Post by othmanelmoulat »

can we do it by

Code: Select all

XDocumentproperties.storeToStorage() or storeToMedium()
then for XStorage specify an xml file? would this do it ? can you provide some java code to export the writer document properties into an xml file?
is there some method exportProperties() equivalent to this importer : http://www.openoffice.org/api/docs/comm ... orter.html

thanks
OOo 3.4 and LibreOffice 3.4 on openSuse 11.4 + windows 7
othmanelmoulat
Posts: 142
Joined: Sun Aug 03, 2008 4:39 am

Re: Generic Document properties values extraction

Post by othmanelmoulat »

ok i wrote this ugly method to convert property value to string. very ugly but this is what i could think of.

Code: Select all

 public String propertyValueToString(Object propValue) throws IllegalArgumentException {
        String res = null;
          SimpleDateFormat sdf = new SimpleDateFormat("MMM dd,yyyy HH:mm");
        if (AnyConverter.isDouble(propValue)) {
            res = Double.toString(AnyConverter.toDouble(propValue));
        } else if (AnyConverter.isFloat(propValue)) {
            res = Float.toString(AnyConverter.toFloat(propValue));
        } else if (AnyConverter.isInt(propValue)) {
            res = Integer.toString(AnyConverter.toInt(propValue));
        } else if (AnyConverter.isLong(propValue)) {
            res = Long.toString(AnyConverter.toLong(propValue));
        } else if (AnyConverter.isShort(propValue)) {
            res = Short.toString(AnyConverter.toShort(propValue));
        } else if (AnyConverter.isBoolean(propValue)) {
            res = Boolean.toString(AnyConverter.toBoolean(propValue));
        } else if (AnyConverter.isString(propValue)) {
            res = AnyConverter.toString(propValue);
        } else if (propValue instanceof Date) {
           // System.out.println("got a Date!");
            Date dt = (Date) (propValue);
             Calendar cal = new GregorianCalendar(dt.Year, dt.Month, dt.Day);          
            res = sdf.format(cal.getTime());

        }
         else if (propValue instanceof DateTime) {
           // System.out.println("got a Date!");
            DateTime dt = (DateTime) (propValue);
             Calendar cal = new GregorianCalendar(dt.Year, dt.Month, dt.Day);
            res = sdf.format(cal.getTime());

        }
        return res;
    }
OOo 3.4 and LibreOffice 3.4 on openSuse 11.4 + windows 7
rudolfo
Volunteer
Posts: 1488
Joined: Wed Mar 19, 2008 11:34 am
Location: Germany

Re: Generic Document properties values extraction

Post by rudolfo »

What about extracting the meta.xml file from the .odt file directly? I've done this sometimes with Python and the zipfile module. I am pretty sure there is something similar in Java. And if not you can use the "com.sun.star.packages.Package" UNO-service.
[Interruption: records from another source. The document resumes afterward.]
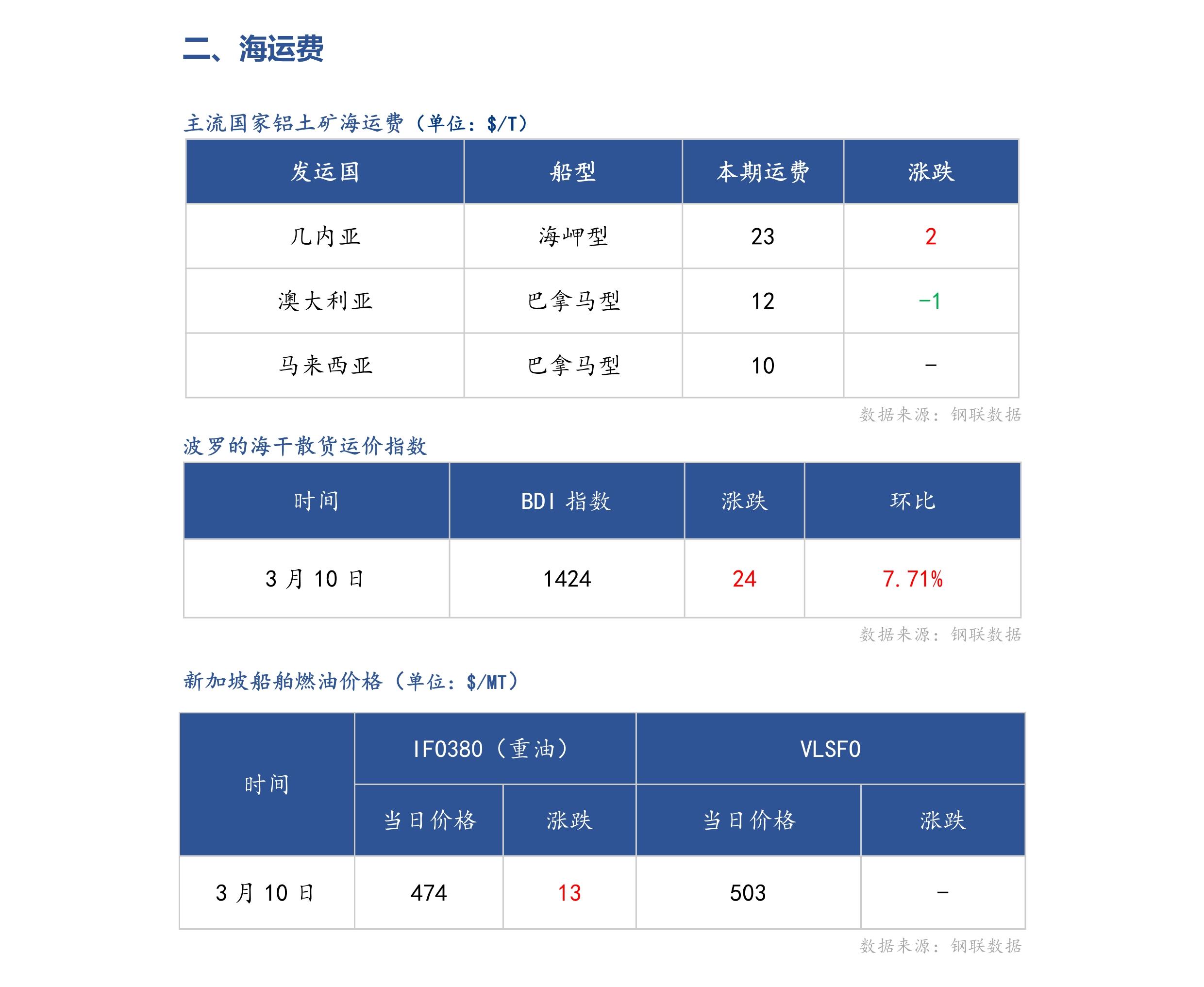 3月11日铝土矿价格平稳运行。近期氧化铝企业消耗库存为主,低价采购意愿明显。近期几内亚远期现货报盘价在95左右,但没有成交。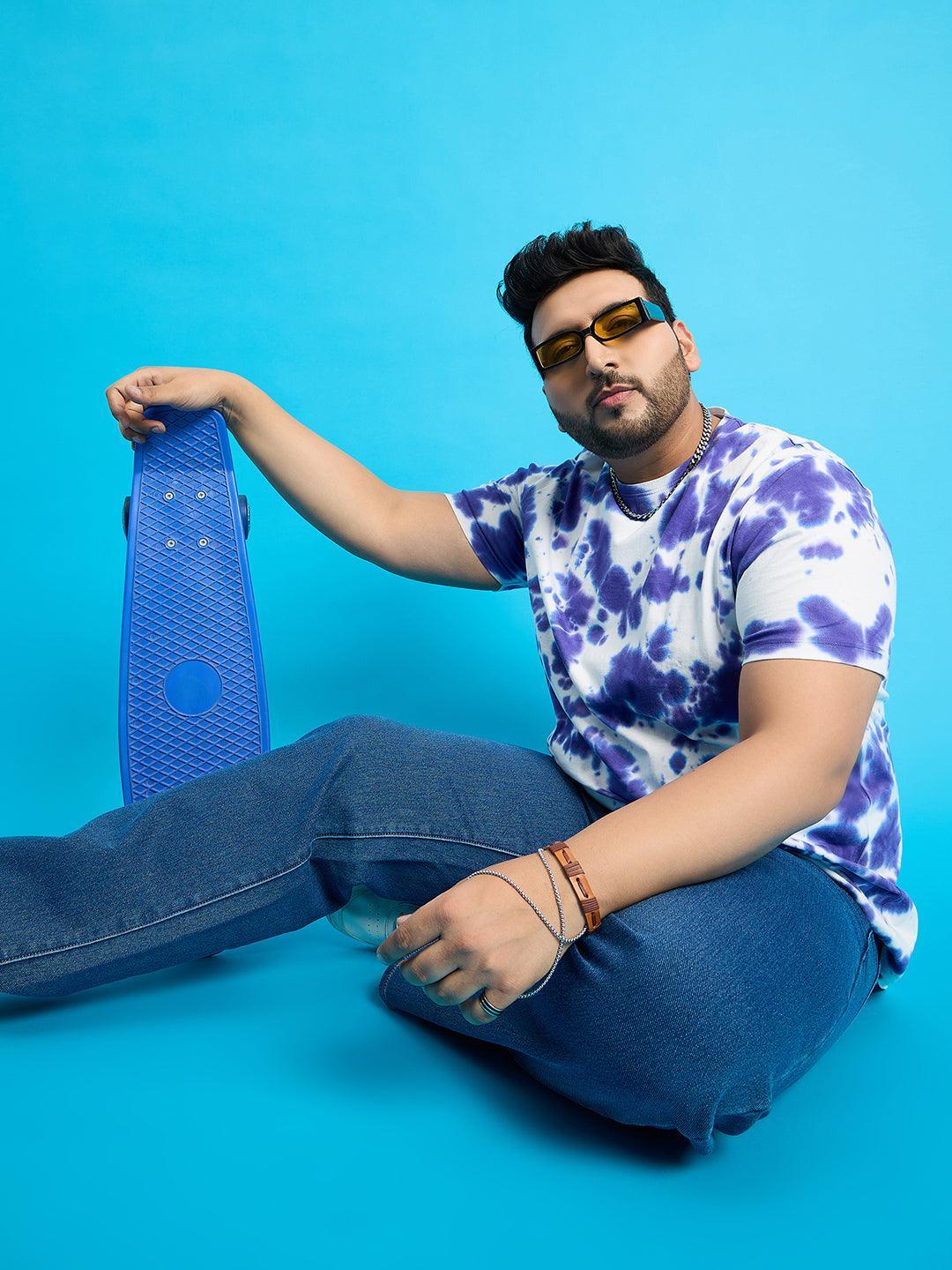 Men Plus Size Doton-Purple Printed Round Neck Tshirt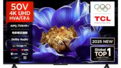 テレビ 2025年最新TCL 50V型4Kテレビ|高機能&お得価格解説 2025年モデルのTCL 50V6Cは4K液晶・Wチューナー内蔵で高画質・高音質を実現。Alexa音声検索やAirplay2対応で操作も快適。最新機能を備えたお得な価格での購入方法も解説します。 2025/09/29 2025/10/07 テレビ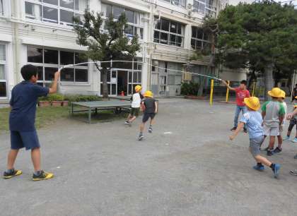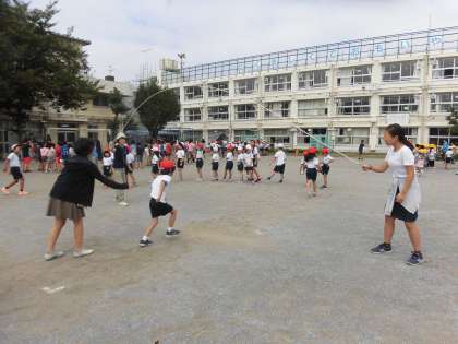 今週から「ながなわタイム」がはじまっています。中休みの終盤の5分間を「ながなわタイム」として全校で取り組む活動です。ながなわタイムには、3つの目標があります。第1は「リズム感と体力向上」 第2は「目標に向かってみんなでがんばることで学級の絆を高めること」 第3は「互いに励まし合い声をかけ合うこと」です。どのクラスも目標に向かって、互いに声をかけ合い練習に励んでいます。今日は低学年の様子を紹介します。1年生です。6年生がやさしく手伝います。練習の最後には1年生からのお礼の言葉がありました。

The drawback might be that this method works on files (on the disk) and not on data blocks in memory. And you will probably have to run the meta.xml through an XSLT process to convert it to something that fits your needs.
OpenOffice 3.1.1 (2.4.3 until October 2009) and LibreOffice 3.3.2 on Windows 2000, AOO 3.4.1 on Windows 7
There are several macro languages in OOo, but none of them is called Visual Basic or VB(A)! Please call it OOo Basic, Star Basic or simply Basic.
othmanelmoulat
Posts: 142
Joined: Sun Aug 03, 2008 4:39 am

Re: Generic Document properties values extraction

Post by othmanelmoulat »

rudolfo wrote:What about extracting the meta.xml file from the .odt file directly? I've done this sometimes with Python and the zipfile module. I am pretty sure there is something similar in Java. And if not you can use the "com.sun.star.packages.Package" UNO-service.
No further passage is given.